Vermeule’s rejection of the American tradition leads to bizarre claims about federalism. For example, he rejects federalism on the ground that “governance at the scale of a state like California or Texas is not meaningfully different, from the individual’s perspective, than continent-wide governance.” But in making this statement, Vermeule overlooks the most important feature of federalism: You can leave the state much more easily than you can leave the continent. That is “meaningfully different, from the individual’s perspective.”
Likewise, Vermeule observes that “there is no meaningful local community at the level of New York State.” But he ignores that the towns throughout the Empire State lack community precisely because of the judge-led centralization that Vermeule endorses. Indeed, had the Supreme Court not incorporated the Bill of Rights to constrain the states, the Town of Greece would have been free to have communal prayer, without having to find a Wiccan priestess to satisfy five elite lawyers in Washington D.C.

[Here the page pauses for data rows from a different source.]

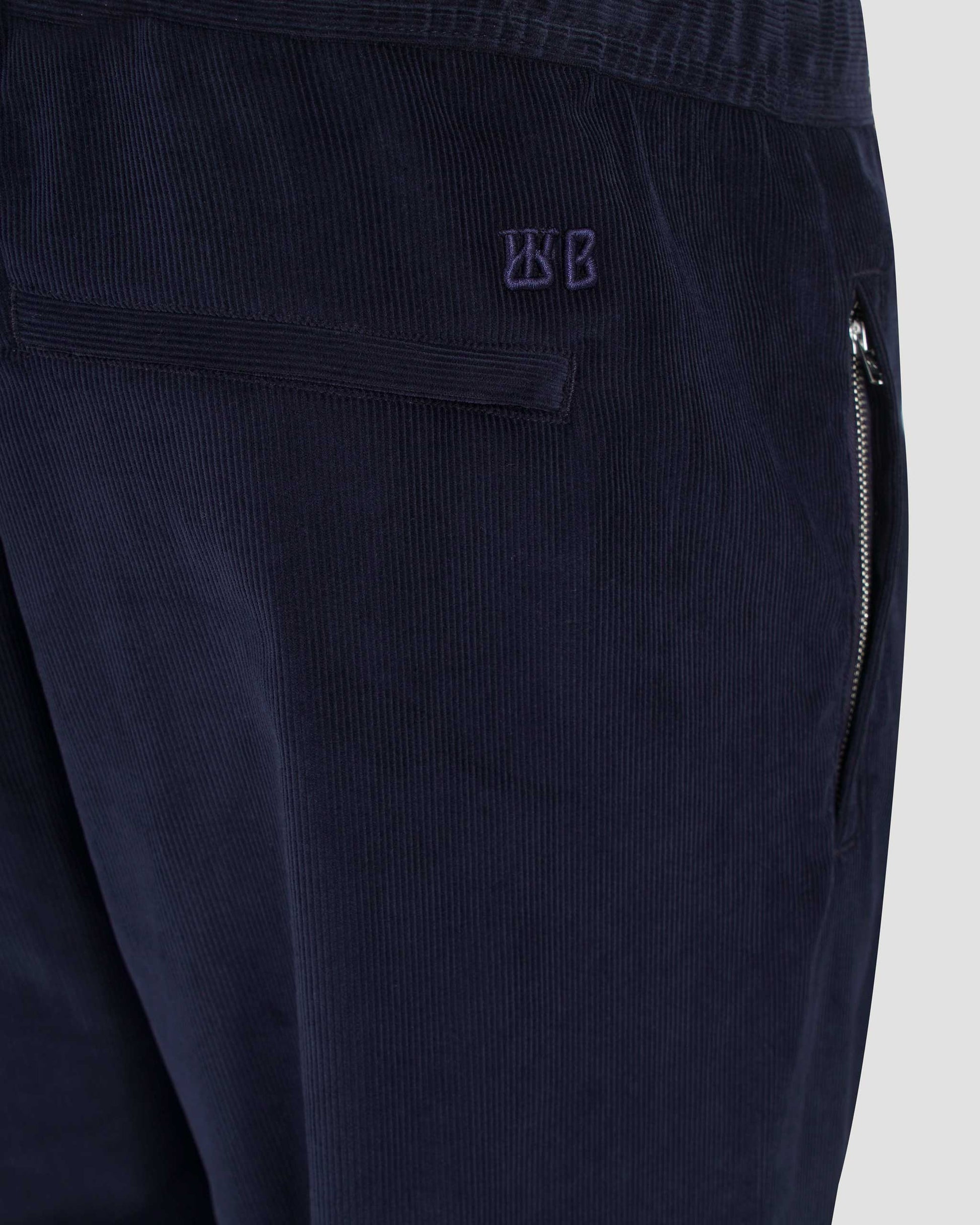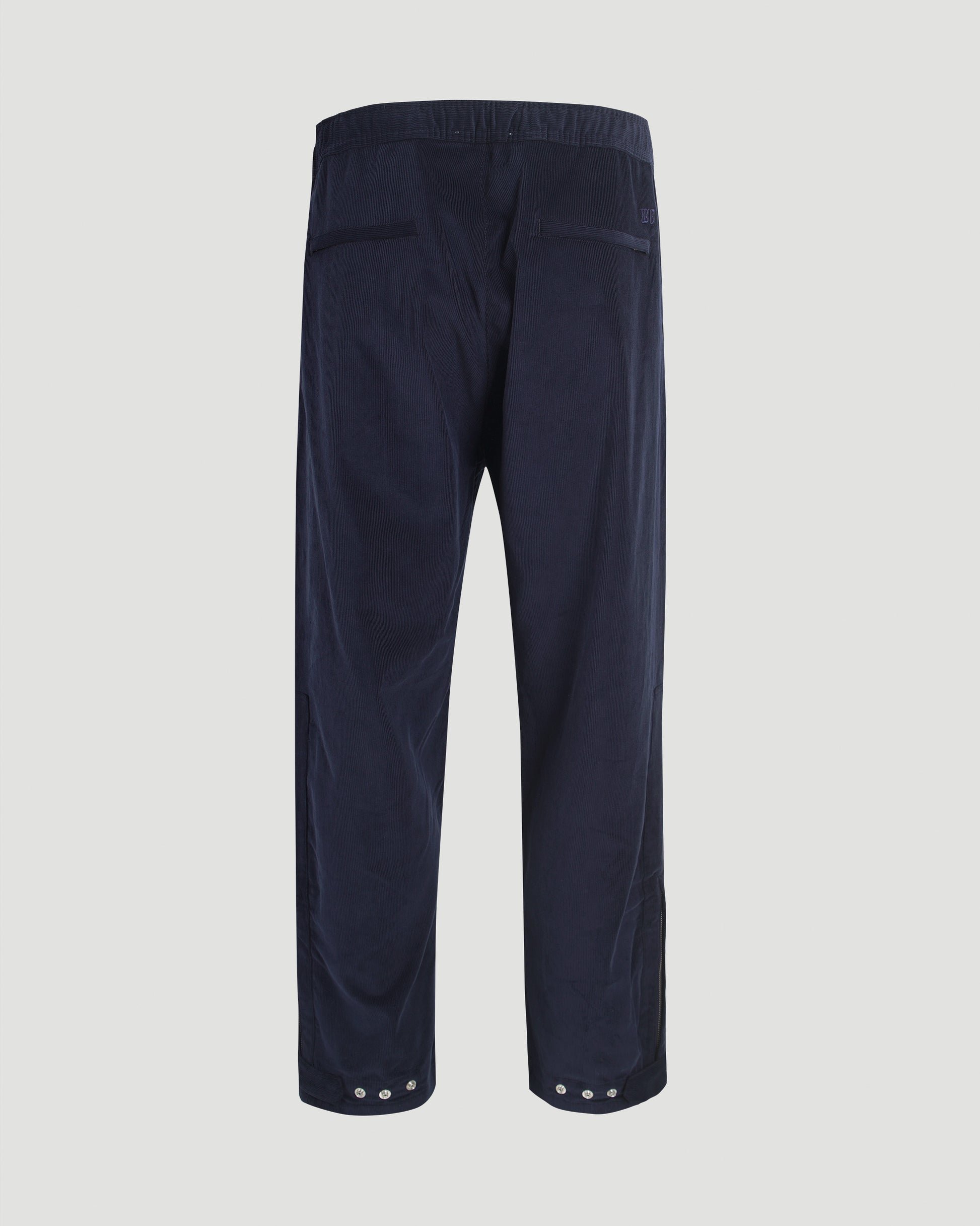 These navy pants by Wales Bonner feature an elasticated waistband, side zip pockets, and back pockets.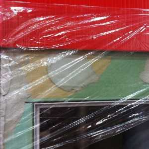 Откройте люк и подложите под его дверцу пленку. Закройте дверцу. Пленка должна покрыть всю поверхность стены, кроме дверцы. Выкрутите временные шурупы-саморезы с лицевой стороны дверцы.
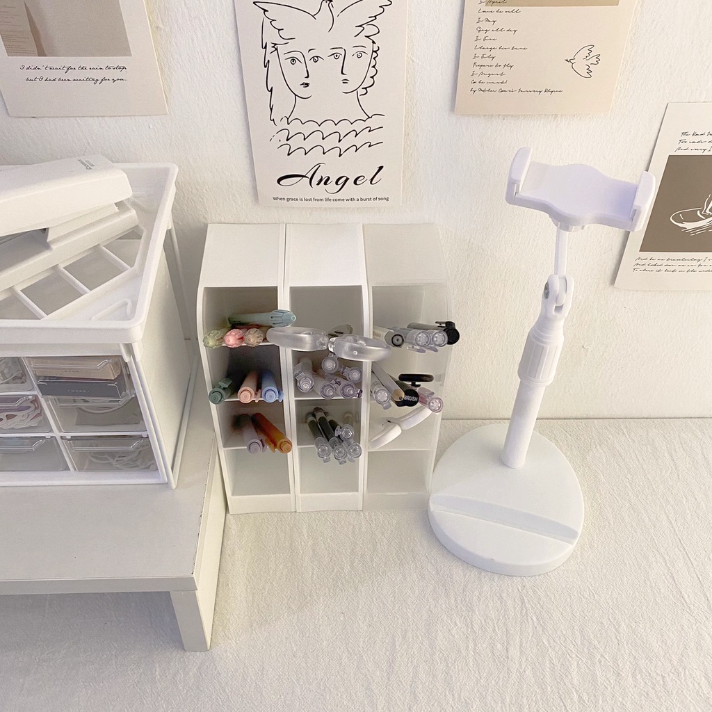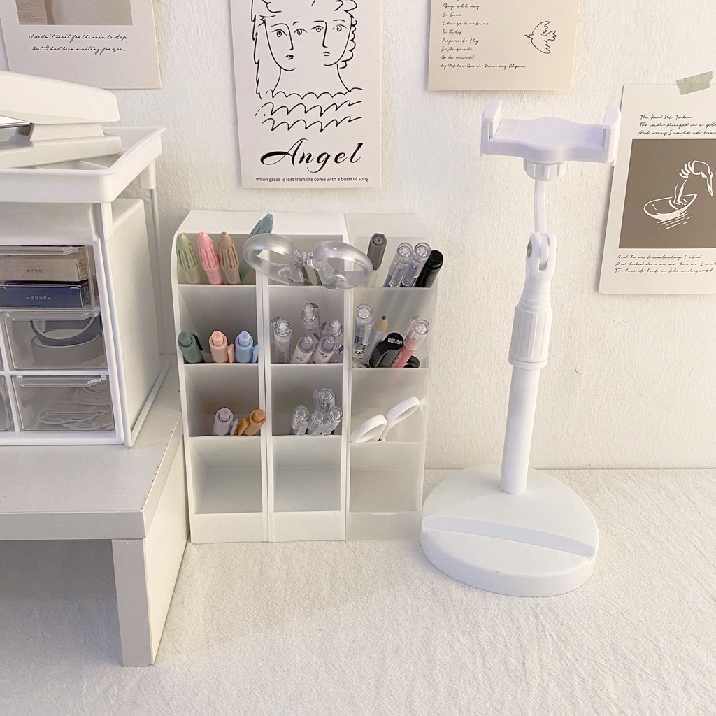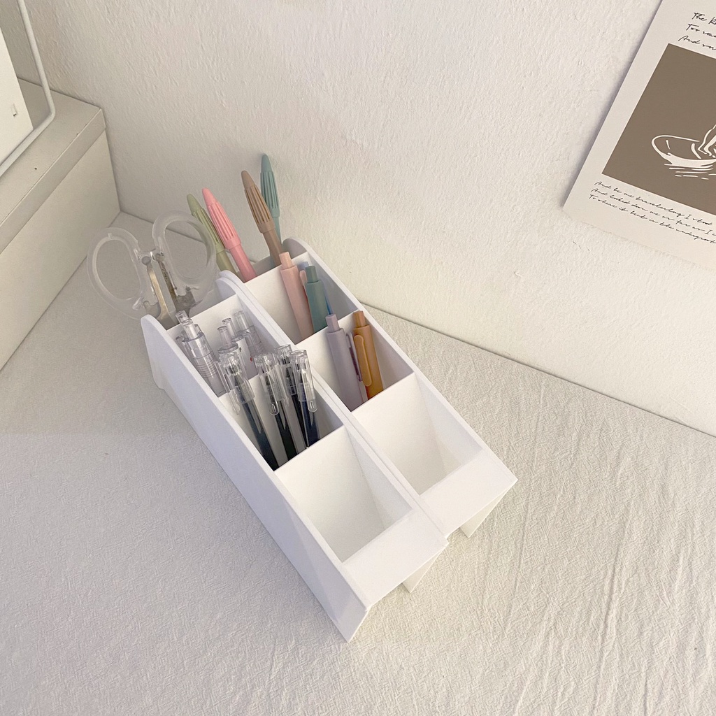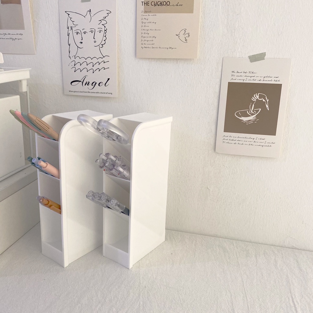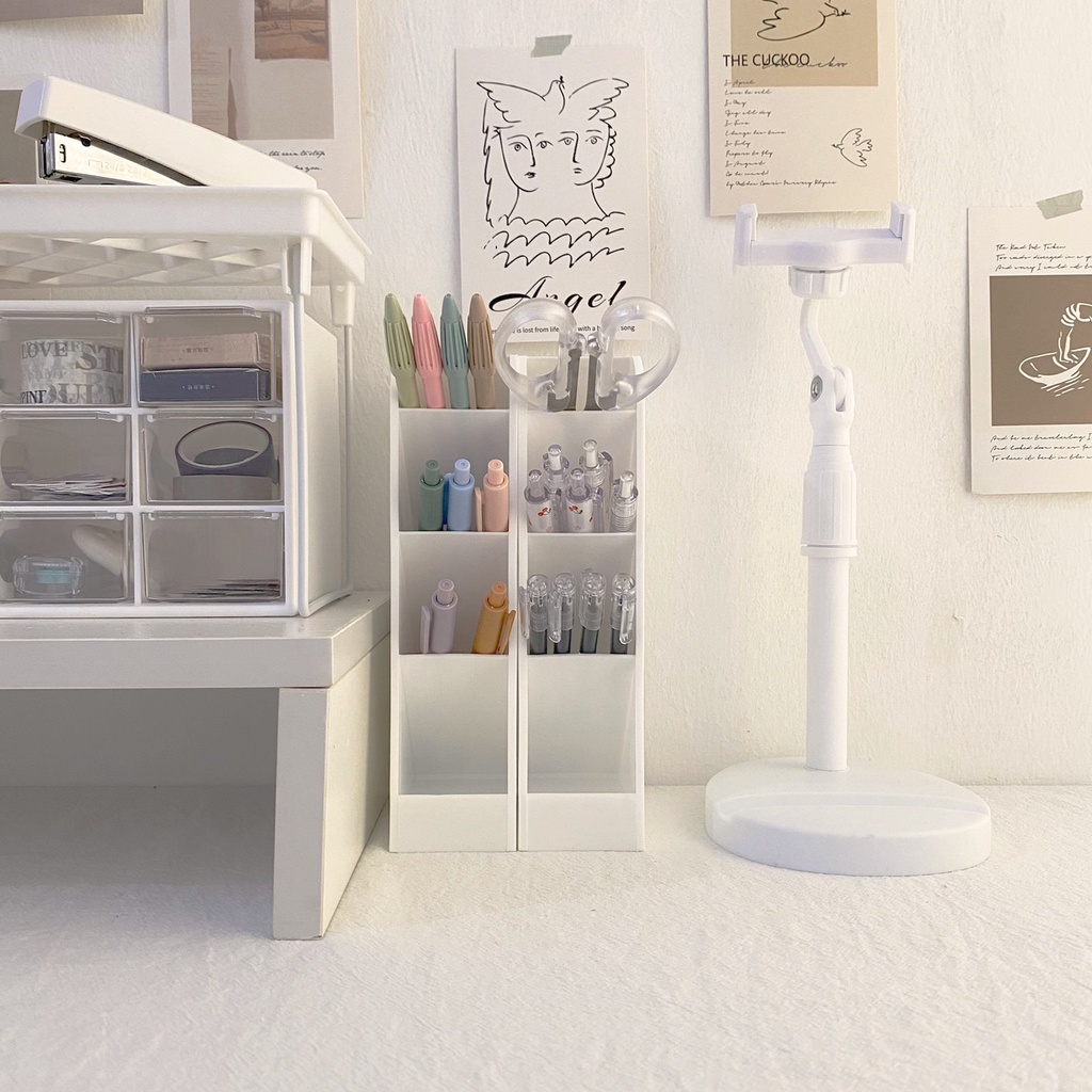 [MILOLI] 3 Slot White Pen Holder Desktop Pencil Storage Box Organizer Kotak Pensil Tabung Pena - F0144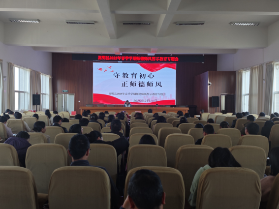 为进一步加强教师队伍师德师风建设,提升教师职业道德素养和规范职业行为,嵩明县教育体育局于2025年2月20日召开了2025年春季学期师德师风警示教育专题会议,全县中小学校长、书记、幼儿园园长180余人参会。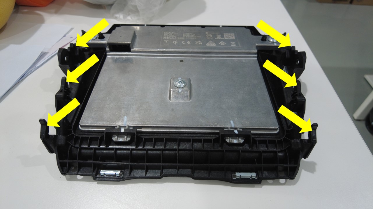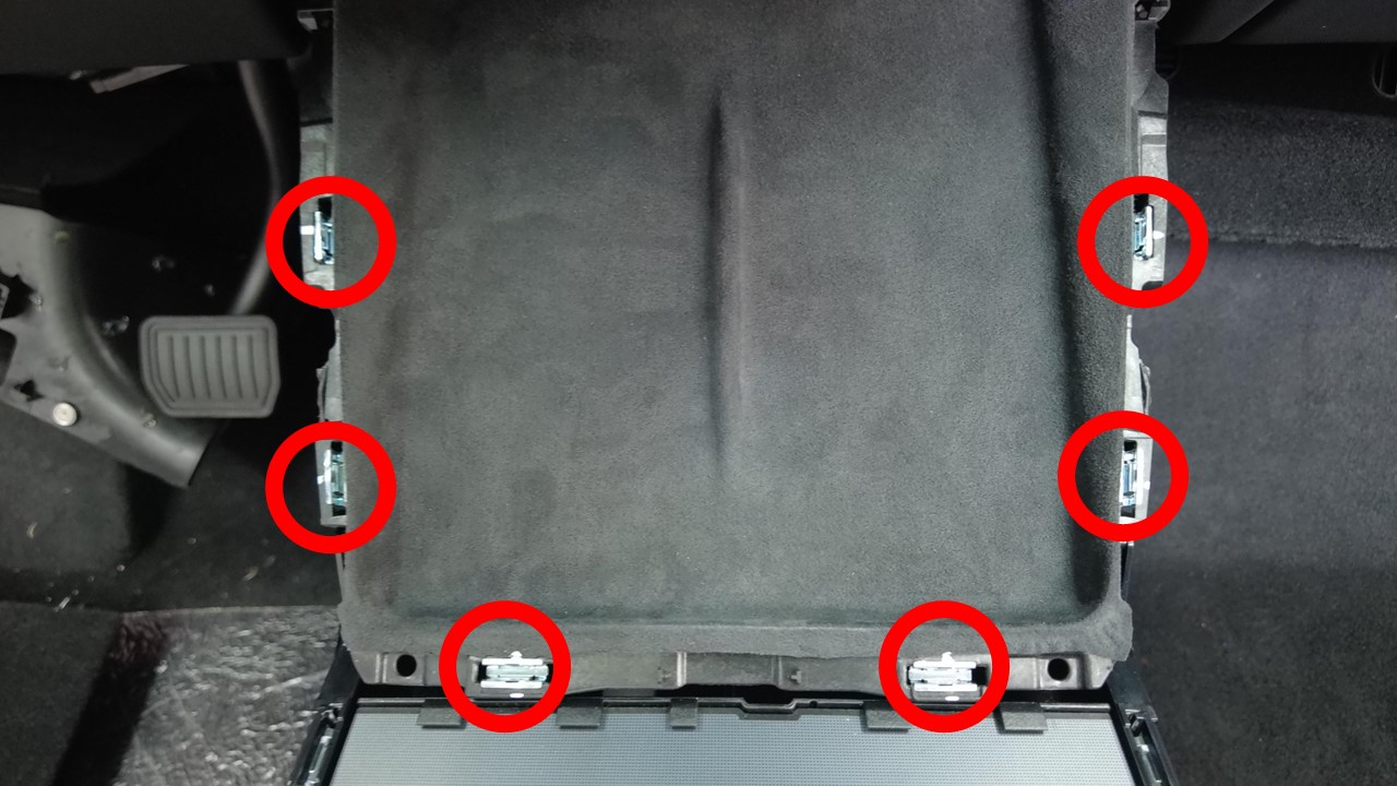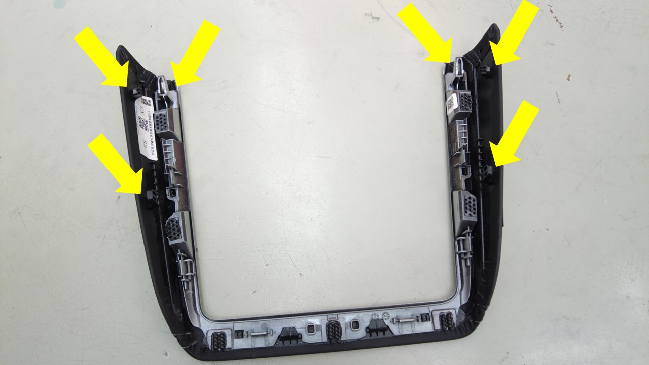 拆下将手机托盘外围固定到中控台的导片(6 个)和卡子(6 个)。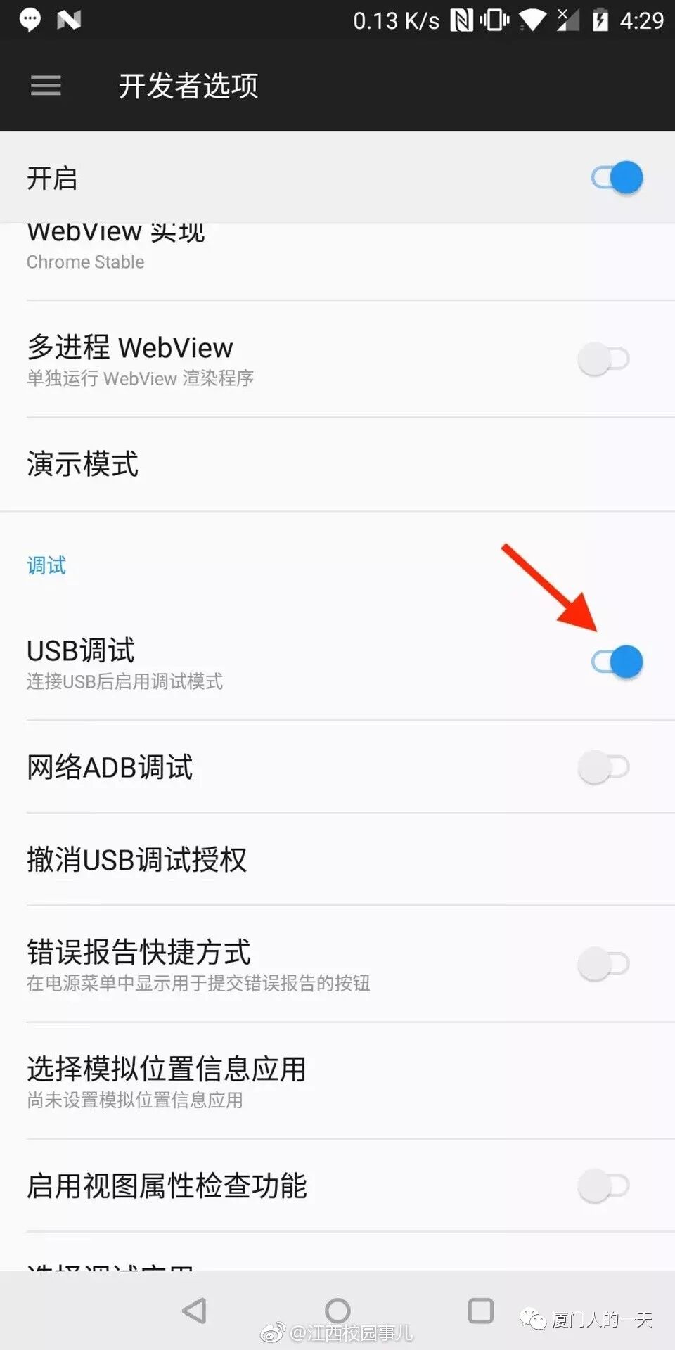 8、打开安卓手机的设置 - 开发者选项 - USB调试(如果没有开发者选项,可百度打开开发者选项的方法),用 USB 线连接手机和电脑,手机可能会弹出对话框,点同意;
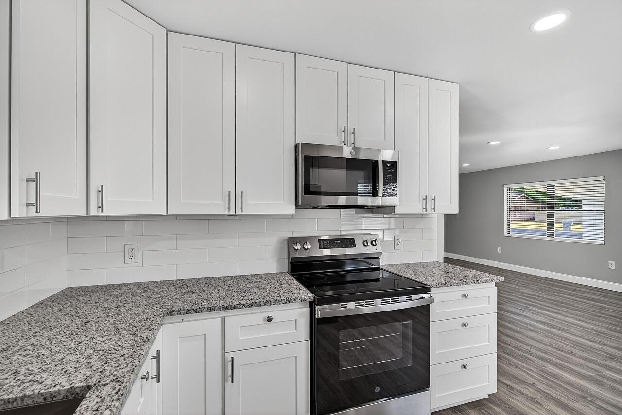 Its all done for you at this lovely, refreshed 3/2 home! Enjoy peace of mind w/ the solid CBS construction, 2021 roof, 2022 whole house solar panels (totally paid off- HELLO monthly electric savings $$!), 2020 AC & updates around every turn. Enjoy the breezy carport, covered patio & fenced yard that's nearly a third of an acre w/ a storage shed & playhouse! Fresh paint inside/outside + throughout there is new: flooring, baseboards, lighting, fans & blinds. The kitchen is thoughtfully complete w/ SS appliances, granite, subway tile, a pantry & even lazy susan cupboard! FHA seasoning date 12/30.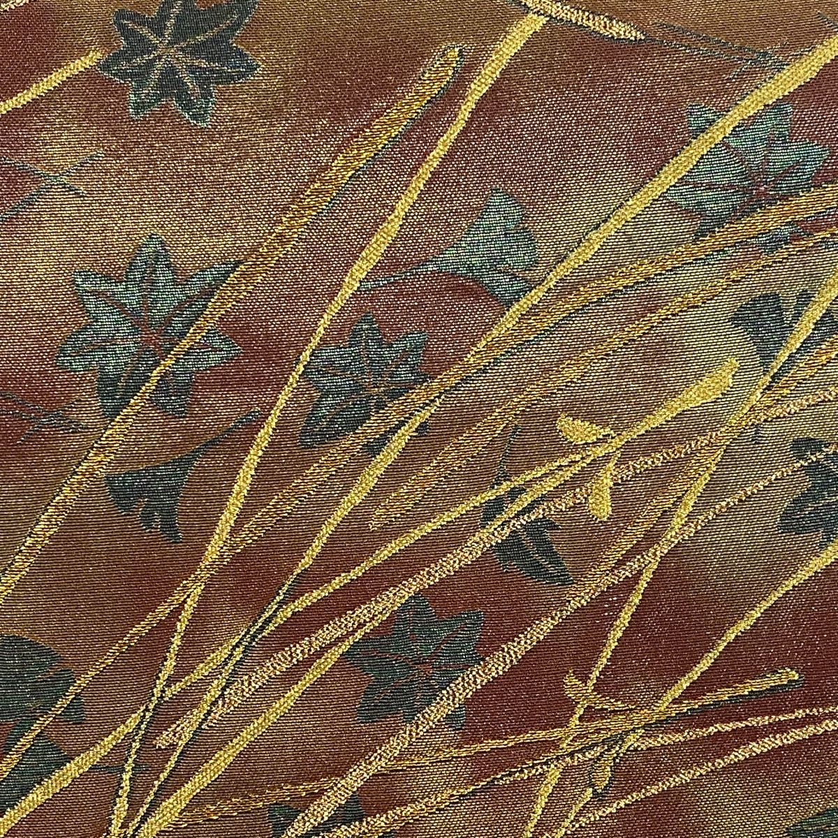 袋帯 秀品 吹き寄せ 霞 箔 焦茶色 六通 正絹

Federalism is central to the American tradition, not because the arbitrary boundaries of the individual states have intrinsic value, but because confederated governance promotes an essential feature of the common good—a common people. Vermeule wishes for federal judges to impose the common good on an uncommon people, and in that sense, Vermeule is just like the progressive living constitutionalists and libertarian originalists he condemns.
The tragedy of all the squabbling over originalism and common good constitutionalism is that the conversation we should be having, on how and indeed whether we can preserve the Republic, is lost in the process.